A friend approached me the other week wanting to talk about a couple of experiences she had recently had in work that had surprised and concerned her. She has recently moved into an executive role and had come home after her second negative experience with a male colleague, saddened by the realisation that there are things she is likely to experience and will need to deal with purely on the basis that she is a woman.

She came to me because she knows I have spent years promoting gender equality in the economy, supporting women leaders and working with employers to ensure workplaces that allows them to succeed. She was shocked and disappointed by what had happened and wanted to know what she could do to prevent it in the future.

Sadly, gender stereotypes are entrenched and we still have a long way to go before the cultural and social ‘norms’ which hold women back are fully addressed. Whilst gender equality has come a long way, it is far from done and there is still a lot that needs to change before women can truly succeed.
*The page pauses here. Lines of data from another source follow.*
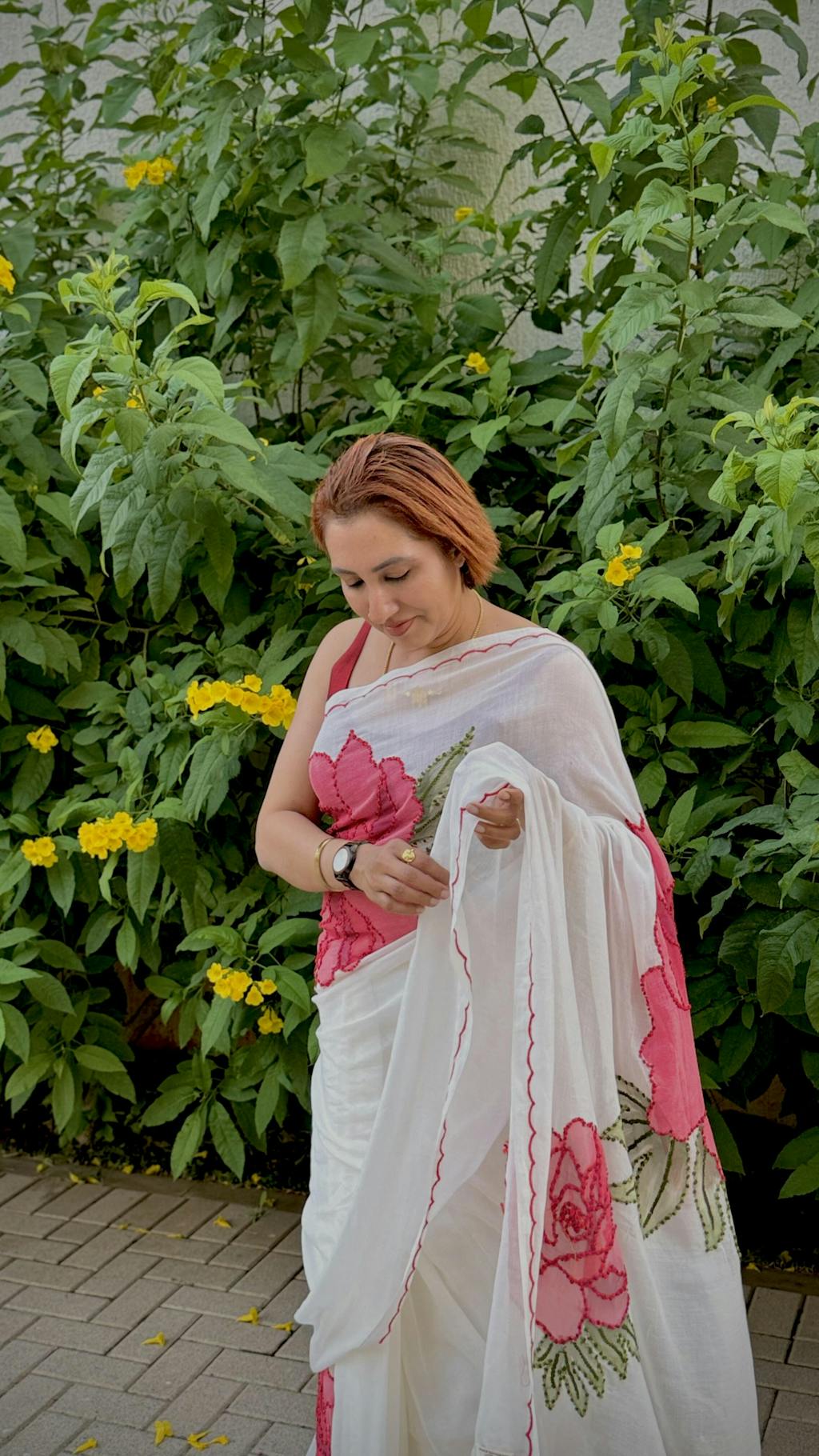 The model is wearing size S blouse and sarees are Aman Naina, Which Phool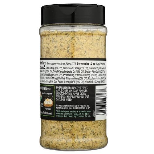 Frontier Co ops delicious blends bring new inspiration to the ever popular nutritional yeast this tasty flavor blend packs a delightful zesty punch with its dill and vinegar notes. The nutty, cheesy goodness of nutritional yeast is a tasty topping for salads, popcorn, veggies, pasta, soups and more. Nutritional yeast is a popular flavor agent and dairy free alternative to shredded cheese topping. This yeast has been harvested and dried, which inactivates it it wont foam or rise like baking varieties, but it adds plenty of flavor. The delicate flakes are perfect to sprinkle on your favorite foods, and a few tablespoons can be used to thicken sauces and soups. Weve created this zesty blend to add fresh flavor to snacks, sides and meals.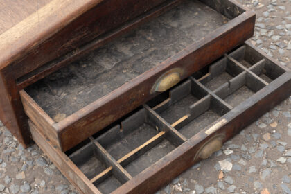 Antique mahogany teller's desk with two drawers. Perfect for a vintage office or unique home decor. Circa 1800s. A timeless piece!
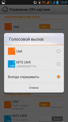 Поддержка режима dual-SIM реализована традиционным для смартфонов на базе процессоров MediaTek образом. В меню «Управление SIM-картами» пользователь может включить/отключить одну из SIM-карт, выбрать какую симку использовать для вызова, SMS/MMS-сообщений или подключения к мобильному Интернету.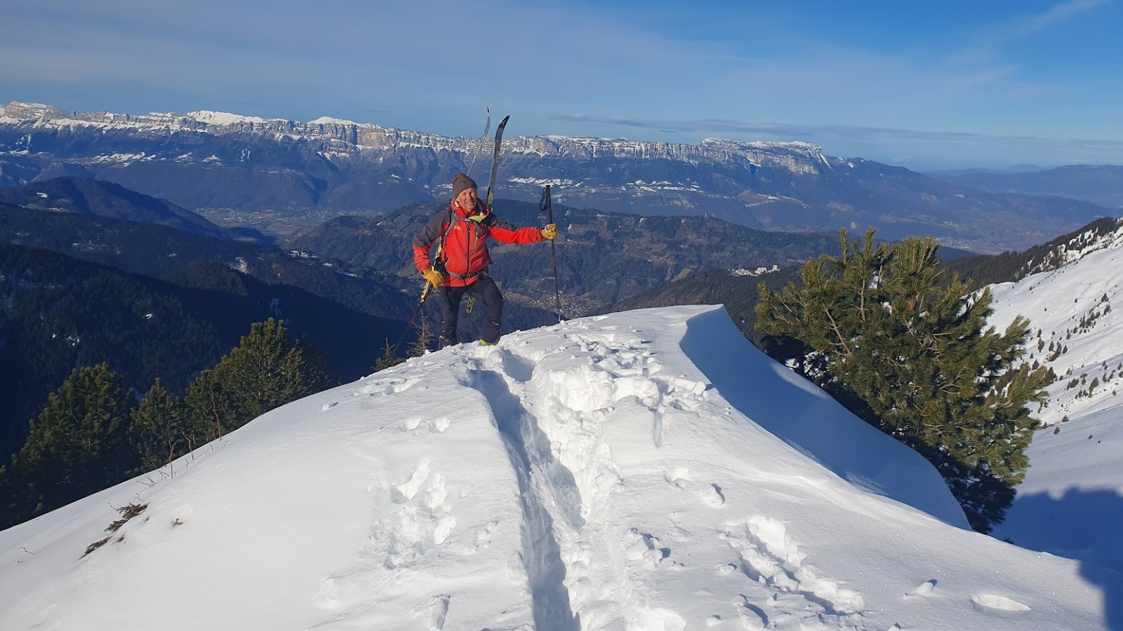 Itinéraire suivi : par les pistes jusqu'aux crêtes des Plagnes, descente au Col Claran, montée au petit Charnier par l'arrête W à pieds, descente combe N/E jusqu'à 1700m , traversée sur sentier d'été jusqu'au refuge de Claran puis retour aux Crêtes des Plagnes par une croupe côté W du refuge, retour station par les pistes

In response to my friend’s anguish, I provided her with an essential reading list for women who want to get on.

These books don’t have all the answers but they do allow a better understanding of what is at play allowing us to better understand the dynamics and therefore how to respond when your male colleagues say or do something that weakens your authority.

  1. Executive Presence, Sylvia Hewlett – in this book, Hewlett identifies what it takes for others to perceive you as a leader. You might have got there as a result of qualifications and experience but to be successful as a leader, you need to have ‘executive presence’ which is a mix of appearance, communication and gravitas. You can buy the book on Amazon or find out the key points in this presentation.
  2. Your body language may shape who you are, Amy Cuddy – this work shows how body language can change people’s perceptions and also how you can change your own chemistry through different positions. It shows how men and women use space and how women can increase their levels of testosterone and therefore confidence. Cuddy’s ideas reached the world through this TED talk.
  3. You just don’t understand: Men & women in conversation, Deborah Tannen – this is one of the most useful books I have read because it increases our understanding of how men and women use language differently. In this book, Tannen shows us how women use language to build relationships and men use it to preserve status.
  4. Lean In, Sheryl SandbergThis book was huge in 2015, sharing valuable insight from Facebook’s COO who draws on her own experience as a women in business, sharing tips that will ensure you are taken seriously. Key takeaways for me from this book were making sure women have a seat at the table and having the confidence to speak up.

 

Is there an essential book on your reading list that we should know about?  Please share in the comments below.

 

3minuteleadership.org

 

[Image by Free-Photos from Pixabay]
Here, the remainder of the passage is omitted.